Union-Find: Connectivity Detection and Redundant Connections
mediumGraphUnion-FindConnected Components
Union-Find Template (Path Compression + Union by Rank)
class UnionFind {
private final int[] parent;
private final int[] rank;
private int components;
public UnionFind(int n) {
parent = new int[n];
rank = new int[n];
components = n;
for (int i = 0; i < n; i++) parent[i] = i;
}
// Path Compression (Recursive)
public int find(int x) {
if (parent[x] != x) parent[x] = find(parent[x]);
return parent[x];
}
// Union by Rank
public boolean union(int x, int y) {
int rootX = find(x), rootY = find(y);
if (rootX == rootY) return false;
if (rank[rootX] < rank[rootY]) {
parent[rootX] = rootY;
} else if (rank[rootX] > rank[rootY]) {
parent[rootY] = rootX;
} else {
parent[rootY] = rootX;
rank[rootX]++;
}
components--;
return true;
}
public int getComponents() { return components; }
public boolean connected(int x, int y) { return find(x) == find(y); }
}
Number of Provinces (LeetCode 547)
Given an adjacency matrix, determine the total number of connected components.
public int findCircleNum(int[][] isConnected) {
int n = isConnected.length;
UnionFind uf = new UnionFind(n);
for (int i = 0; i < n; i++) {
for (int j = i + 1; j < n; j++) {
if (isConnected[i][j] == 1) {
uf.union(i, j);
}
}
}
return uf.getComponents();
}
Redundant Connection (LeetCode 684)
Identify the edge that creates a cycle in a graph.

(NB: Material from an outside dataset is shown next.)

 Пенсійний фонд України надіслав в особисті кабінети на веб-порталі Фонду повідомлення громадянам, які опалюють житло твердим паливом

In a tree, any edge added between two already-connected nodes is redundant.
public int[] findRedundantConnection(int[][] edges) {
int n = edges.length;
UnionFind uf = new UnionFind(n + 1);
for (int[] edge : edges) {
// If union() returns false, it means the two nodes were already connected.

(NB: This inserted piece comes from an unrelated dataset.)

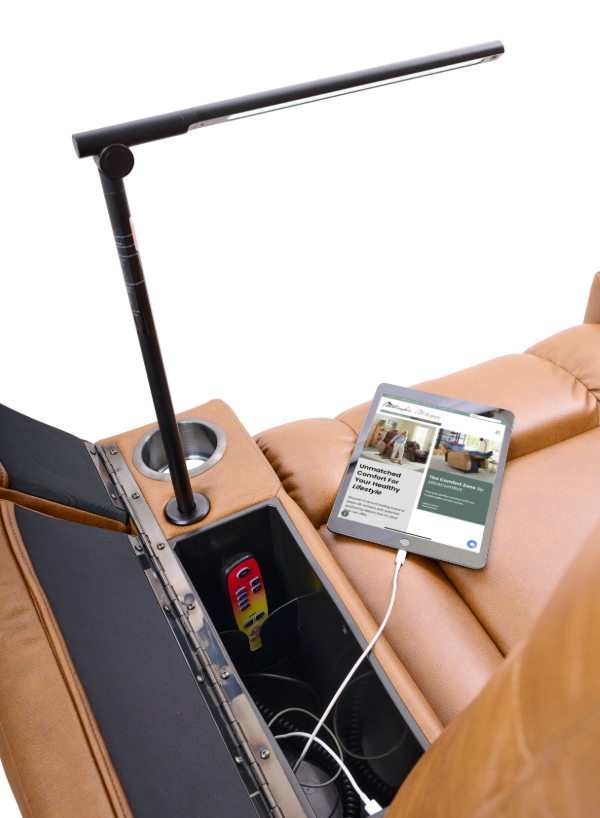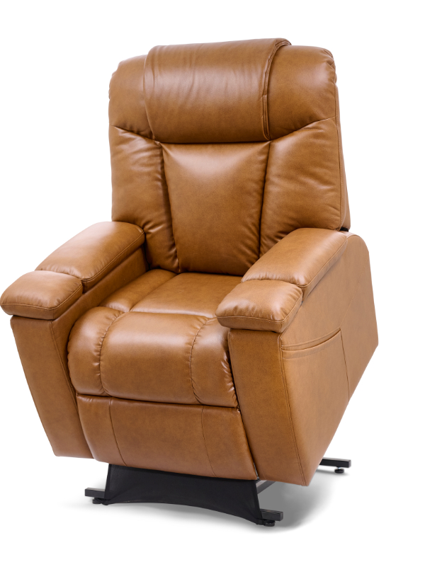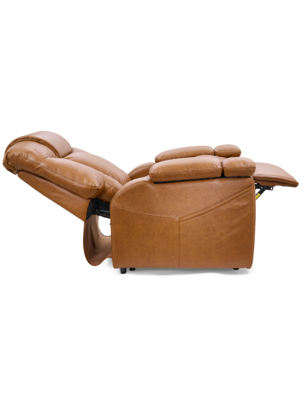 The UltraComfort Rhodes Recliner (UC-472) is a medium-sized power lift recliner designed for ultimate relaxation and convenience. It features an overstuffed seam back, plush chaise pad, and an open arm design with hinged panels that reveal built-in cup holders and storage compartments. The 4-Zone Comfort Zone Positioning System, including patented Stellar Positioning, allows for customizable comfort, all controlled by the programmable AutoDrive™ hand control. Standard HeatWave Technology provides therapeutic warmth from shoulders to feet. Available in Sinda fabrics: Lagoon, Sparrow, and Umber. Dimensions: 37” W x 45” H x 37” D; Seat: 22” W x 21” D x 20” H. Weight capacity: 375 lbs.

// This edge is the cycle-forming edge.
if (!uf.union(edge[0], edge[1])) return edge;
}
return new int[0];
}
Accounts Merge (LeetCode 721)
Merge accounts that share email addresses. We treat account indices as Union-Find nodes and emails as links between these indices.
public List<List<String>> accountsMerge(List<List<String>> accounts) {
Map<String, Integer> emailToAccountId = new HashMap<>();
Map<String, String> emailToName = new HashMap<>();
int n = accounts.size();
UnionFind uf = new UnionFind(n);
for (int i = 0; i < n; i++) {
String name = accounts.get(i).get(0);
for (int j = 1; j < accounts.get(i).size(); j++) {
String email = accounts.get(i).get(j);
emailToName.put(email, name);
if (emailToAccountId.containsKey(email)) {
// Shared email found: union the account indices
uf.union(i, emailToAccountId.get(email));
} else {
emailToAccountId.put(email, i);
}
}
}
// Group all emails by their account's Union-Find root
Map<Integer, List<String>> groups = new HashMap<>();
for (String email : emailToAccountId.keySet()) {
int root = uf.find(emailToAccountId.get(email));
groups.computeIfAbsent(root, k -> new ArrayList<>()).add(email);
}
// Format the final results
List<List<String>> result = new ArrayList<>();
for (List<String> emails : groups.values()) {
Collections.sort(emails);
emails.add(0, emailToName.get(emails.get(0)));
result.add(emails);
}
return result;
}
Summary Table
| Problem | Union-Find Implementation | Key Insight |
|---|---|---|
| Number of Provinces | adjacencyMatrix[i][j] == 1 $\rightarrow$ union(i, j) |
Returns the final components count. |
| Redundant Connection | Add edges one by one; detect first cycle. | union() returning false pinpoint the target edge. |
| Accounts Merge | email -> accountId mapping. |
Uses shared emails as bridge to merge account indices. |